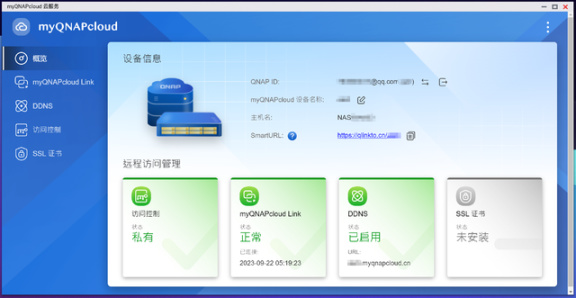 其次是myQNAPcloud,这是一个账号登录的地方, 管理自己的账号,如果要外网访问必须要把账号设置好才可以。
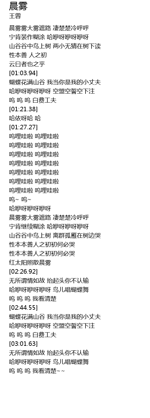 | [02:00.72] | 晨雾雾大雾遮路 凄楚楚冷呼呼 |
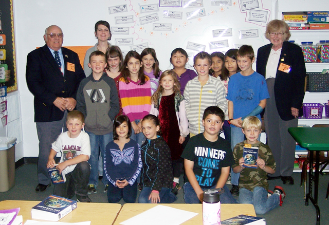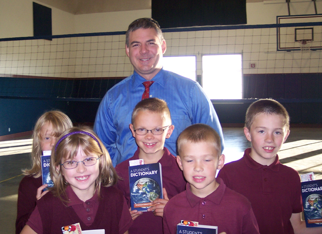grade dictionaries to the local elementary schools Shown above are students
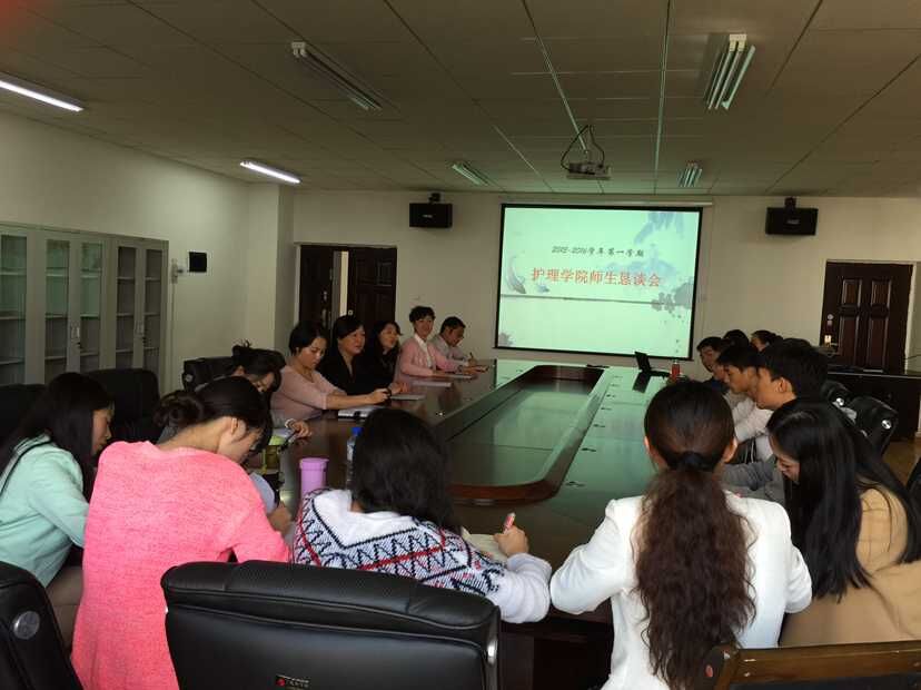 10月15日中午12:30分,kaiyun开云官方网站2015-2016学年第一学期师生恳谈会在南校区5楼会议室召开。kaiyun开云官方网站常委副院长郭永洪、副书记杨英、副院长刘志燕及各教研室负责人、各职能部门负责人、教研室老师、2013级、2014级、2015级护理本科学生代表参加了此次恳谈会。会议由教学科研管理科王秀红科长主持,会上kaiyun开云官方网站领导亲切的询问了同学们的学习和生活情况,并请同学们对教学中存在的问题提出意见。各年级同学代表开诚布公的反馈了部分教师在教学中存在的问题和意见,也对认真负责的教师提出了表扬。在听取同学们的反馈之后老师们有的当众给予了答复和解释,有的则记录下来拟以书面报告形式向有关部门进行反馈,以便取得相关部门的协作解决。会议过程轻松、愉悦,师生畅所欲言,气氛融洽,促进了师生的共同交流。
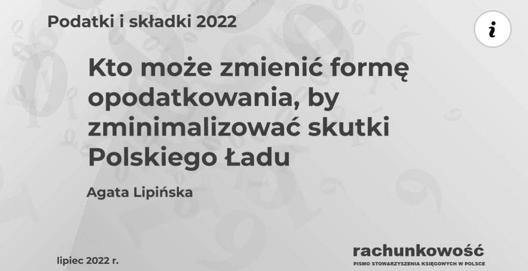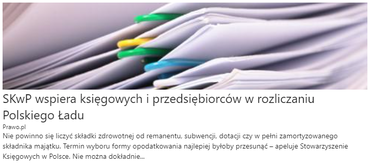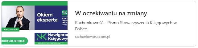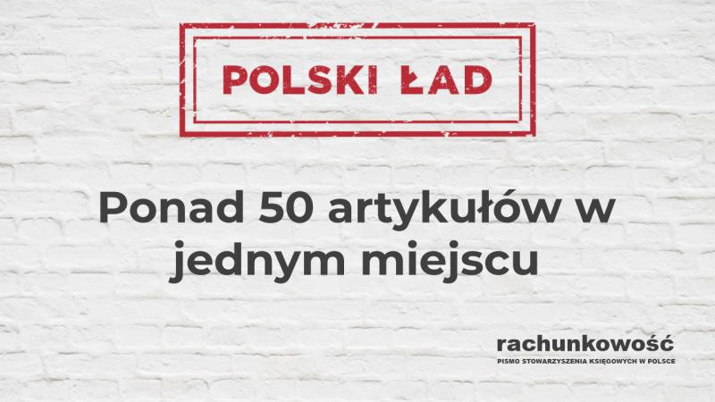 Na stronie Wydawnictwa Rachunkowość (rachunkowosc.com.pl) zamieszczono wiele artykułów odnoszących się do Polskiego Ładu przygotowanych przez ekspertów Stowarzyszenia Księgowych w Polsce (SKwP). Zachęcamy do ich lektury – z pewnością pomogą rozjaśnić wiele niejasności, związanych z przepisami Polskiego Ładu.
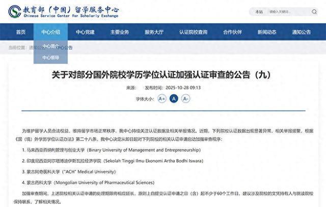 10月28日,教育部留学服务中心发布《关于对部分国外院校学历学位认证加强认证审查的公告(九)》杨帆配资,决定对4所海外院校的相关认证申请启动加强审查程序。
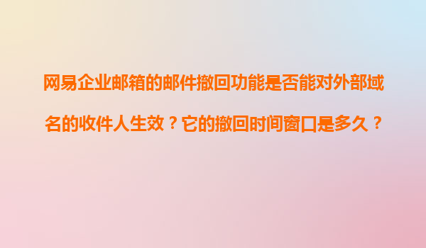 2025-11-08網(wǎng)易企業(yè)郵箱郵件撤回功能詳解:外部域名適用性與時效分析 一、網(wǎng)易企業(yè)郵箱核心優(yōu)勢概覽 網(wǎng)易企業(yè)郵箱作為國內(nèi)領(lǐng)先的企業(yè)級郵件服務(wù)提供商,擁有多項核心競爭優(yōu)勢:銀行級數(shù)據(jù)加密保障通信安全、智能反垃...
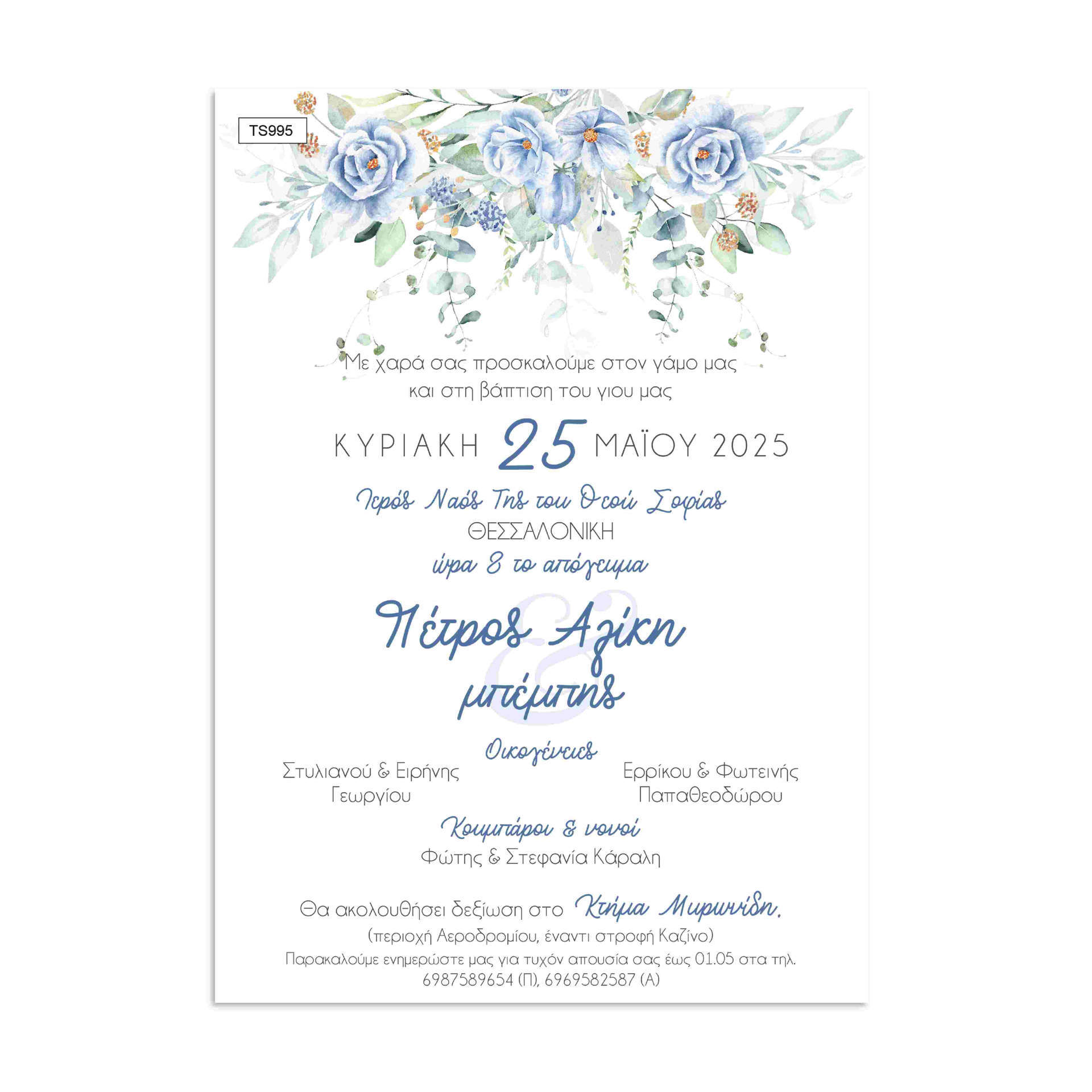 Κομψό προσκλητήριο γάμου και βάπτισης με watercolor λουλούδια σε απαλές μπλε αποχρώσεις. Ρομαντικό και elegant σχέδιο για ενα ξεχωριστό και διαχρονικό μυστήριο
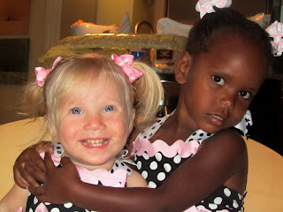 One of the sweetest things about Lillie is how affectionate she is. As soon as she sees the kids in the morning, she says, "I ont kiss!" or "I ont love." She gets so excited each time she sees Zoe, and she can't wait to smooch all over her too! Each night after we read, I rock her to sleep, and sometime before she drifts off, she scoots off my shoulder and reaches up to give me kisses. I'm sure that there have been nights when I was ready for her to go on to sleep, but for the most part, that time with her is one of the most precious parts of my day. It's impossible to spend that quiet half hour with Lillie without feeling like the luckiest woman in the world.
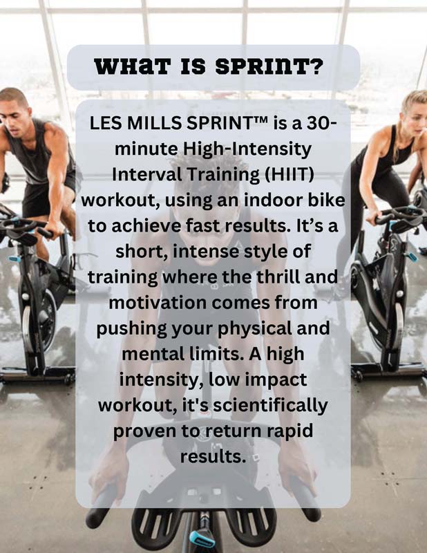 LES MILLS SPRINT™ is a 30-minute High-Intensity Interval Training (HIIT) workout, using an indoor bike to achieve fast results. It’s a short, intense style of training where the thrill and motivation comes from pushing your physical and mental limits. A high intensity, low impact workout, it's scientifically proven to return rapid results.
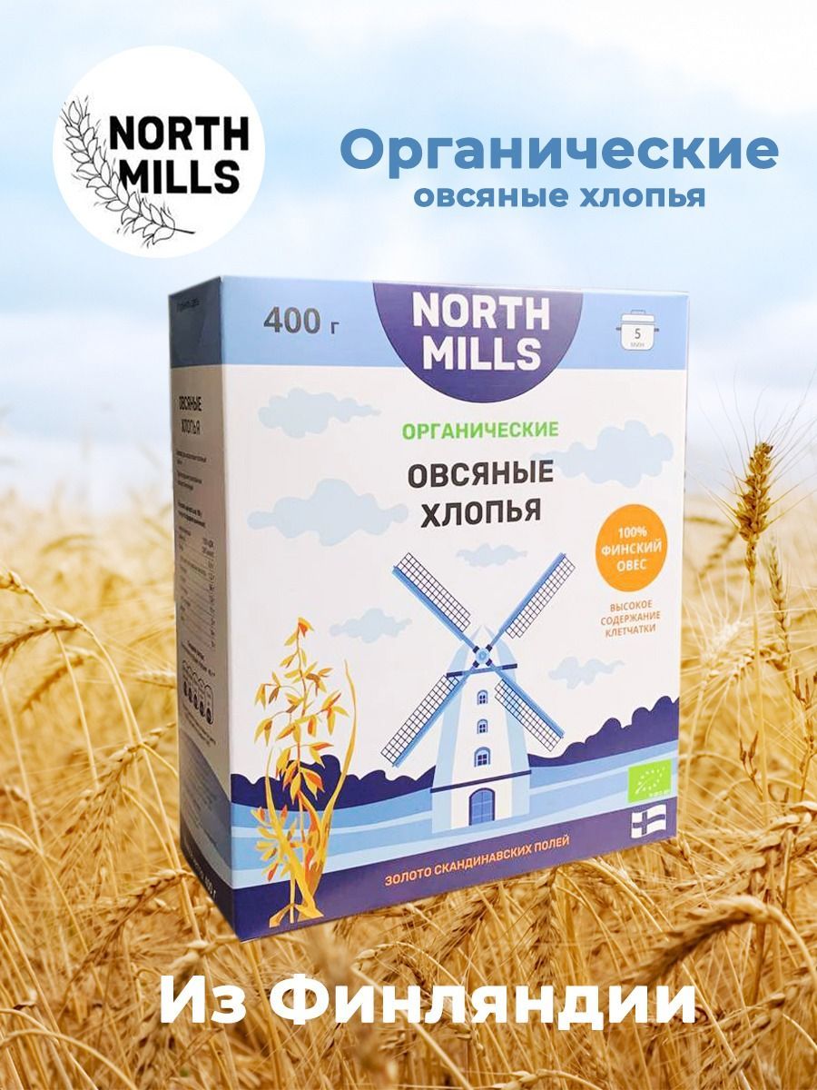 Органические Овсяные хлопья North Mills (5 мин), 400 г, Финляндия
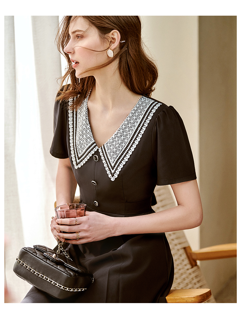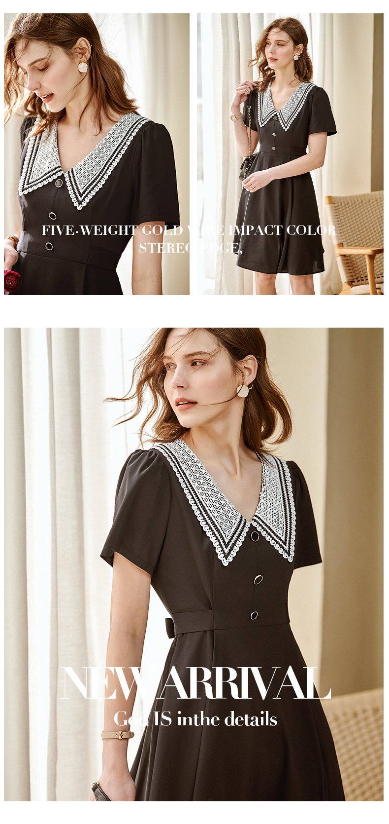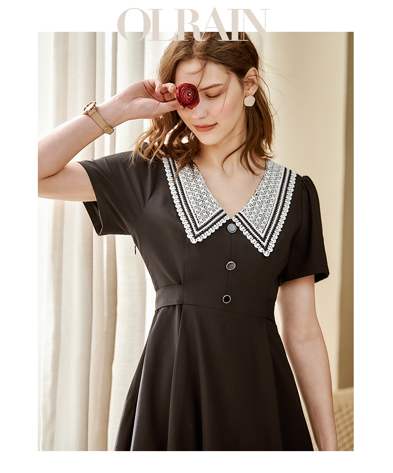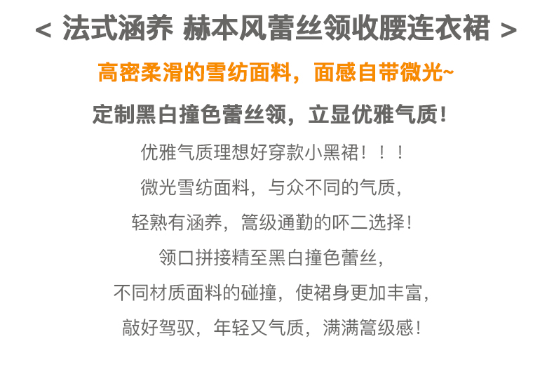 欧芮儿赫本风法式连衣裙2021春夏新款蕾丝方领复古收腰雪纺小黑裙
========================
• _Work order_
Every line from the one with "晨雾雾大雾遮路 凄楚楚冷呼呼 |" through the one with "grade dictionaries to" is to be reproduced exactly as written above, and the pictures are to be dropped.

• _The answer_
 | [02:00.72] | 晨雾雾大雾遮路 凄楚楚冷呼呼 |
grade dictionaries to the local elementary schools Shown above are students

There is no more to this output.